# [Material to process]

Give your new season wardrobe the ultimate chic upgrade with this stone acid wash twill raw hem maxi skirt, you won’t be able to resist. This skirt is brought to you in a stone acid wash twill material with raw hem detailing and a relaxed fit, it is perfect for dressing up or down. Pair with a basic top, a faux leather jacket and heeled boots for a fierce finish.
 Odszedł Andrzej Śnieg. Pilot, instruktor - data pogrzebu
* * *
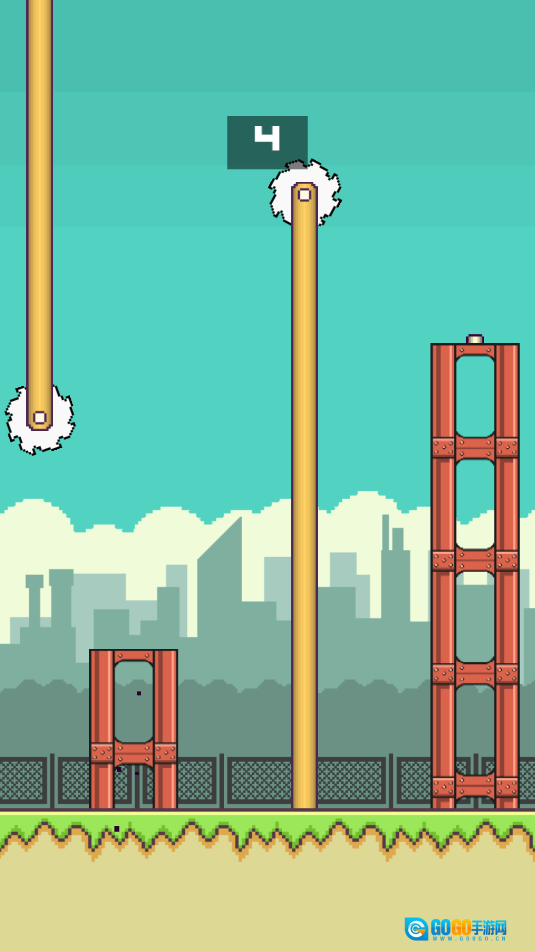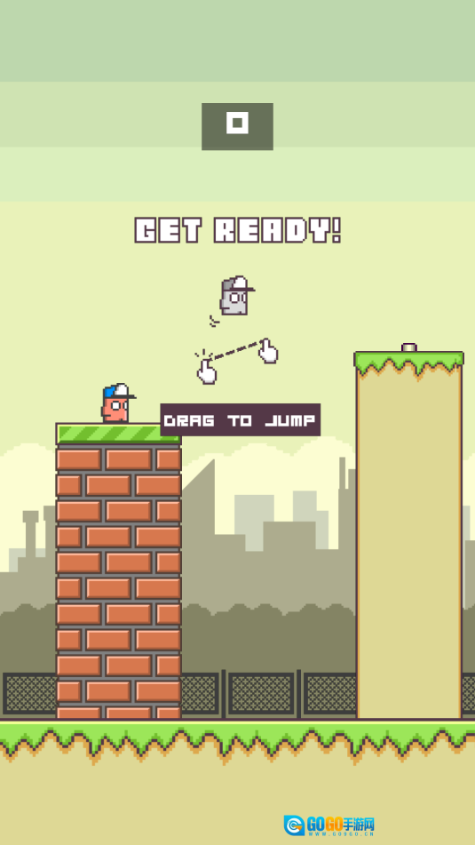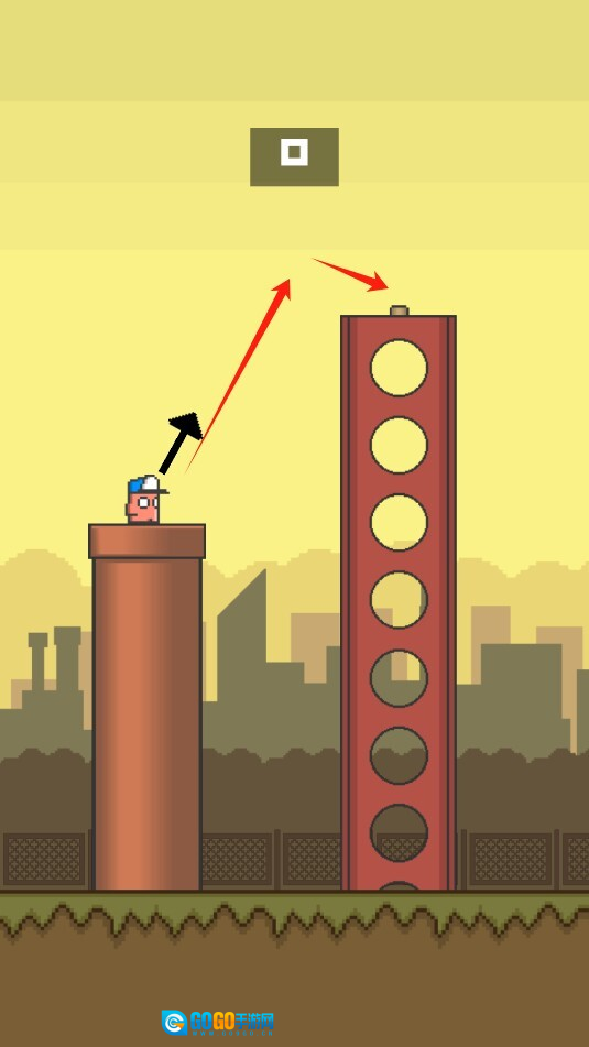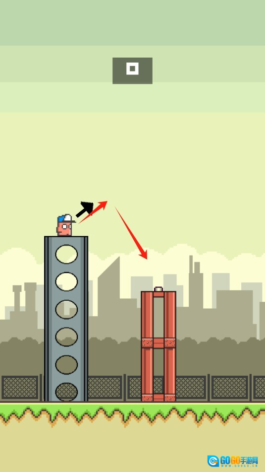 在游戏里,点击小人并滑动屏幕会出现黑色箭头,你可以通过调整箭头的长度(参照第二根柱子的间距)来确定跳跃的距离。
---
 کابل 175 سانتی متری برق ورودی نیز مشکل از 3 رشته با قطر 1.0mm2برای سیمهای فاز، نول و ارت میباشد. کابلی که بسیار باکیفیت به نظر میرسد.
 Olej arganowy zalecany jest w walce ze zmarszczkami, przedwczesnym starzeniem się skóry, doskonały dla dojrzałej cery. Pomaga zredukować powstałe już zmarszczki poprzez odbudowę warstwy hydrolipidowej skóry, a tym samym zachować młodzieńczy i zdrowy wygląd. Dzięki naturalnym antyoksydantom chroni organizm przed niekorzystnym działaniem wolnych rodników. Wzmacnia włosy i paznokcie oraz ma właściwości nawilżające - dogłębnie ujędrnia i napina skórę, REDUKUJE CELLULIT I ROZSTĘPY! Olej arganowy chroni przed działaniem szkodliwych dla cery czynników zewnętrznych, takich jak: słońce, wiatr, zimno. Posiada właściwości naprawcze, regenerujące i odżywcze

# [What is needed]
An exact copy of the lines above, from the one containing "Give your new" down to the one containing "Odszedł Andrzej Śnieg." and including both, is the whole answer; retype it and nothing else.

# [Result for this task]
Give your new season wardrobe the ultimate chic upgrade with this stone acid wash twill raw hem maxi skirt, you won’t be able to resist. This skirt is brought to you in a stone acid wash twill material with raw hem detailing and a relaxed fit, it is perfect for dressing up or down. Pair with a basic top, a faux leather jacket and heeled boots for a fierce finish.
 Odszedł Andrzej Śnieg. Pilot, instruktor - data pogrzebu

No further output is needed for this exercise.